The drawing Diding it to me depicts a pregnant woman in profile; a bright-blue eye hovers behind her head, confronting the viewer. The image attests to Young’s complex metaphorical language; for Young, the depiction of a pregnant female symbolizes the future, creation, and salvation. He explained the broad social, political, and spiritual ramifications of the image, which he saw as “giving birth to a new nation” and “gonna start us a kingdom.” The eye also appears in Heavy Eye on the drawing’s verso, with a male figure struggling to bear its weight, his feet in chains. In Young’s works the eye symbolizes the control and authority of an all-seeing establishment—a stark contrast and a menace to the suggestions of renewal otherwise depicted. 
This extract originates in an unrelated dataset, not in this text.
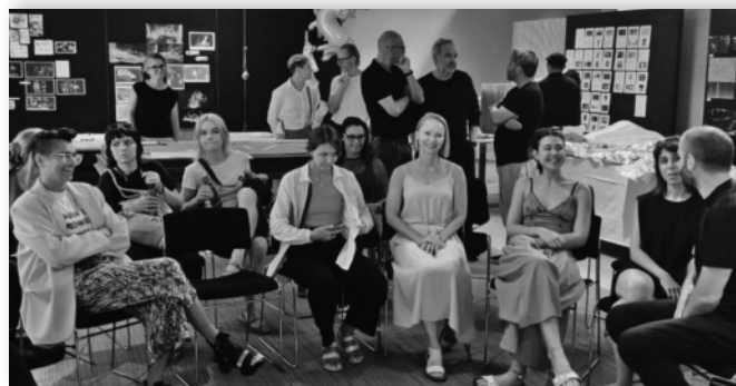
Architekturklasse © AuBenegg / ZT:OÖundSBG

Bei der Veranstaltung Visionen für Schallmoos Ende 2024 entstand die Idee, gemeinsam mit der Stadt Salzburg einen weiteren Abend mit dem Schwerpunkt Schallmoos zu gestalten – dieser Stadtteil rückte in den Fokus der Stadtplanung als ein Areal mit großem Entwicklungspotential. Die Vorbereitungen laufen.

The works of Purvis Young (b. 1943, Miami; d. 2010, Miami) are held in the collections of the Metropolitan Museum of Art, New York; American Folk Art Museum, New York; High Museum of Art, Atlanta; and the M. H. de Young Memorial Museum, San Francisco, among others. His work has recently been featured in major solo exhibitions at the Rubell Family Collection, Miami (2018–19), and Palazzo Mora, Venice (2019), as well as in group exhibitions at the Los Angeles County Museum of Art and the Metropolitan Museum of Art.